This Finnish Startup Burned Llama 3.1 Directly Into Silicon — And It Runs at 17,000 Tokens Per Second
Taalas HC1 eliminates the memory bottleneck entirely by hardwiring an LLM into the chip itself, achieving 10x the speed of an NVIDIA H100.
What if, instead of running an AI model on a general-purpose GPU, you just etched the entire model directly into the chip's wiring?
That is exactly what Finnish startup Taalas has done with the HC1, and the results are staggering: nearly 17,000 tokens per second of sustained inference from a single chip. For comparison, an NVIDIA H100 serves roughly 150 tokens per second to a single user.
How It Works
The HC1 takes the Llama 3.1 8B model and hardwires its weights and architecture directly into silicon. There are no separate memory chips, no HBM stacks, no 3D packaging tricks. Storage and compute are unified on a single die at DRAM-level density.

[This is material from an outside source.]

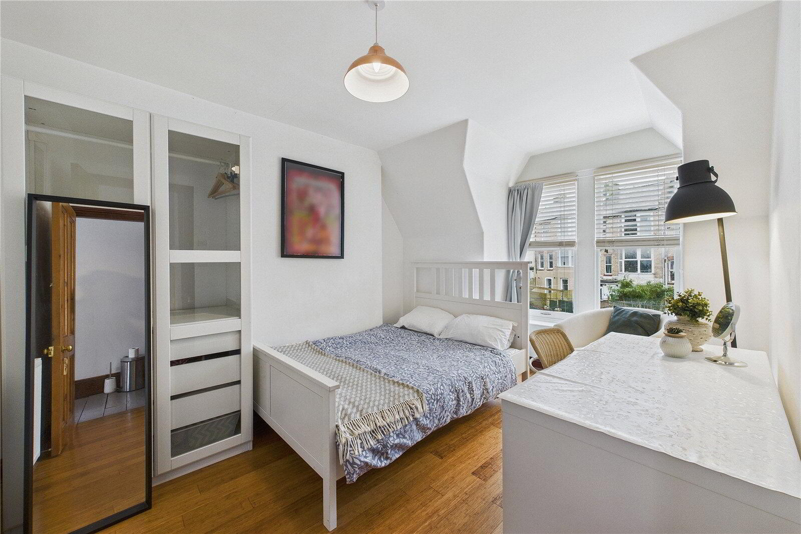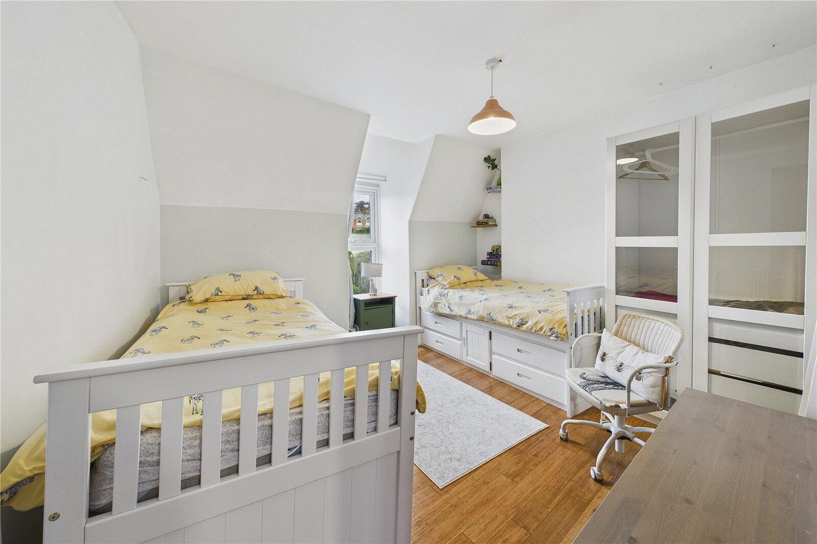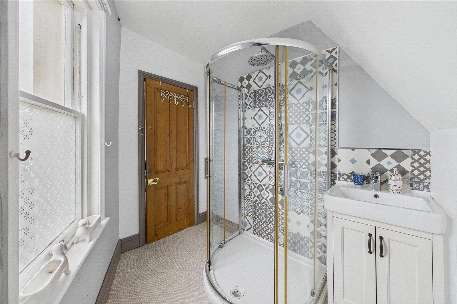 The first floor hosts the principal bedroom and a further double bedroom, both benefitting from bay windows, ceiling roses and coving, alongside a well-appointed family bathroom. The second floor provides two additional double bedrooms and a second bathroom, which enjoys attractive sea views.

Fabricated on TSMC's 6nm process, the chip packs approximately 53 billion transistors onto an 815 mm² die. In demos, it produced bursts of up to 20,000 tokens per second for simple queries and sustained 15,000-16,000 for typical workloads.
The Efficiency Story
Each HC1 chip draws approximately 250 watts. Ten cards in a standard server rack consume about 2.5 kW total — and they run on standard air cooling. No water cooling infrastructure required.
Taalas claims 20x lower inference cost and 10x lower power consumption compared to conventional GPU inference. For anyone running Llama 3.1 8B at scale — chatbots, customer service, coding assistants, edge deployments — the economics are transformative.
The Trade-Off
The obvious limitation: the HC1 can only run Llama 3.1 8B. It cannot execute other models. But Taalas has a roadmap — a second mid-sized reasoning LLM is planned for HC1 silicon in Q2 2026, and the next-generation HC2 platform is expected by end of year.
And despite being hardwired, the chip supports LoRA fine-tuning, so organizations can still customize the model's behavior for their specific use case.
Why It Matters
The HC1 represents a fundamentally different approach to AI inference — one that trades flexibility for raw speed and efficiency. As AI workloads become more predictable and standardized, this kind of specialized silicon could reshape how inference is deployed at the edge and in the data center.